Objective stock analysis focused on quality compounders for long-term investors.

My Investing Philosophy

Long-term ownership of quality compounders—businesses that can reinvest at high returns and grow free cash flow predictably.

My edge as an individual investor is the ability to hold exceptional businesses through cycles. I focus on owning durable, easy-to-understand companies run by disciplined capital allocators and buying them at reasonable prices. The framework is simple: Quality → Risk → Price.

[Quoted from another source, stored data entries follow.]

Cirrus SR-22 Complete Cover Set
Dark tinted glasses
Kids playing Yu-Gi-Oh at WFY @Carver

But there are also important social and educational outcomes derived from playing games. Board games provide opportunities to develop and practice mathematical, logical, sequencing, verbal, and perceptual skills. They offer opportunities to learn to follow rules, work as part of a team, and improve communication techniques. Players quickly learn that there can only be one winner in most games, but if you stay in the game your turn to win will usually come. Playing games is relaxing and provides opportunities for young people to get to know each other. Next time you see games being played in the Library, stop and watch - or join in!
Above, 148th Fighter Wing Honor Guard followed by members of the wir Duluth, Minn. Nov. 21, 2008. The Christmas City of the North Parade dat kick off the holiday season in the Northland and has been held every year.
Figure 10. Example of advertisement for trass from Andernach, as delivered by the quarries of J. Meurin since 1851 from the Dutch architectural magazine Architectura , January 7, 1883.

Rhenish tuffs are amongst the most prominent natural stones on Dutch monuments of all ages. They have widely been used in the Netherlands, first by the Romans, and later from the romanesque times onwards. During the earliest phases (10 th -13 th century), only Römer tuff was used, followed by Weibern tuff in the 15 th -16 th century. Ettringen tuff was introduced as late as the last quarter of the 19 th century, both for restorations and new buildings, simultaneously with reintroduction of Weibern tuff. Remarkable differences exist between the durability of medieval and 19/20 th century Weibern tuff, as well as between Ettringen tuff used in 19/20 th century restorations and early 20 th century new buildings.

My philosophy centers on harnessing compounding through long-term ownership. I achieve this by investing in quality companies — those with strong competitive positioning and limited competition, driving wide moats, predictable cash flows, and management teams that allocate capital intelligently. These are businesses that compound through reinvestment at high returns on invested capital and grow intrinsic value year after year.

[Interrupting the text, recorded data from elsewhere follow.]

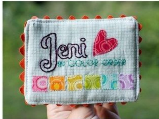
Jeni Baker In Color Order
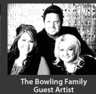
The Bowling Family Guest Artist
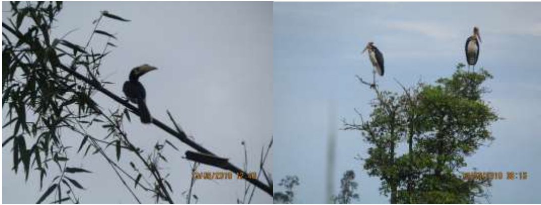
Oriental Pied Hornbill Anthracoceros albirostris

My conviction lies in a thesis-driven approach. Every investment begins with a clear, testable story about how the business compounds value and what could break that story. When the thesis changes, my conviction does too.

why this works

“Compounding works best when you don’t interrupt it.” — Charlie Munger

How I Pick Stocks

What makes a real compounder

Here is the cycle I am to capitalize on as an investors in quality compounders: strong, predictable cash flow → reinvested at high returns → drives free cash flow growth.

Capital allocation

For compounders, how management allocates capital matters more than how much it earns. The best businesses use cash to extend their compounding engine as opposed to chase growth for the sake of growth.

Use of cash

Avoid

“The best business is one that can deploy large amounts of incremental capital at very high returns.” — Torkell Eide, Quality Investing

Risk first

What can break the thesis?

Risk does not come from volatility. It comes from uncertainty about the forces that can break that thesis.  I always ask: what could derail this company’s ability to keep compounding?

Competitive Risks

Structural and Company-specific Risks

“You don’t have to predict — you have to prepare.” — Howard Marks

price matters

How I value a business

While I start with quality, valuation ultimately determines returns. It tests whether the market’s expectations align with a company’s long-term fundamentals.

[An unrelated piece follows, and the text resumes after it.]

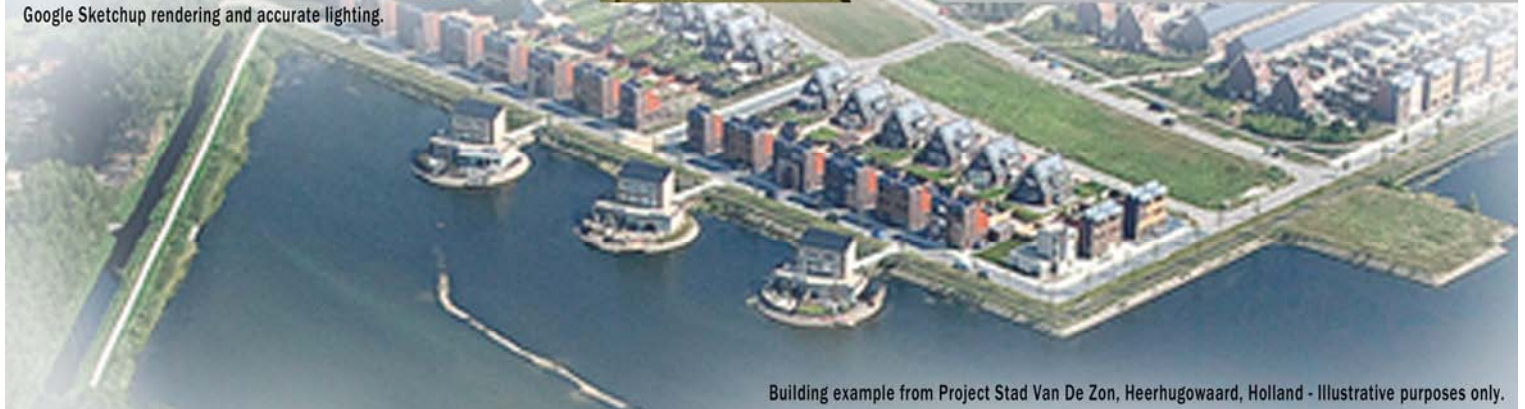
Building example from Project Stad Van De Zon, Heerhugowaard, Holland - Illustrative purposes only.

I want to buy quality when expectations are reasonable. This means valuation that reflects durable economics, not temporary enthusiasm. Quality compounders with high ROIC, steady free cash flow growth, and disciplined capital allocation deserve a premium, but just not one that assumes nothing can go wrong.

I look at valuation through two lenses — relative valuation and intrinsic value — while acknowledging the limitations of both methods.

“Valuation is the bridge between story and numbers” — Aswath Damodaran

Sell Discipline

When I sell

As long-term investors, decisions to sell are provoked, generally, by the thesis breaking. Everything else is just noise.


If a great company looks expensive, I usually hold rather than add, and let the business grow into its valuation. Selling simply because a stock has risen often means interrupting compounding. 


For a deeper look at how I make sell decisions, see When to Sell a Stock: How a Clear Thesis Guides Every Decision.

“When we own portions of outstanding businesses with outstanding managements, our favorite holding period is forever.” — Warren Buffett

final thought

This philosophy has been shaped by experience, mistakes, and new insights over time. Investing is a process of continuous learning. And so, I have no doubt that this document will evolve as I learn and grow as an investor. 

Similarly, I do not expect every idea or analysis as a result of this framework to go perfectly. Even the best businesses change in ways investors cannot always predict. 

The core idea, though, remains constant: long-term ownership of quality companies that compound value through disciplined execution. Frameworks evolve, markets change, but that principle endures.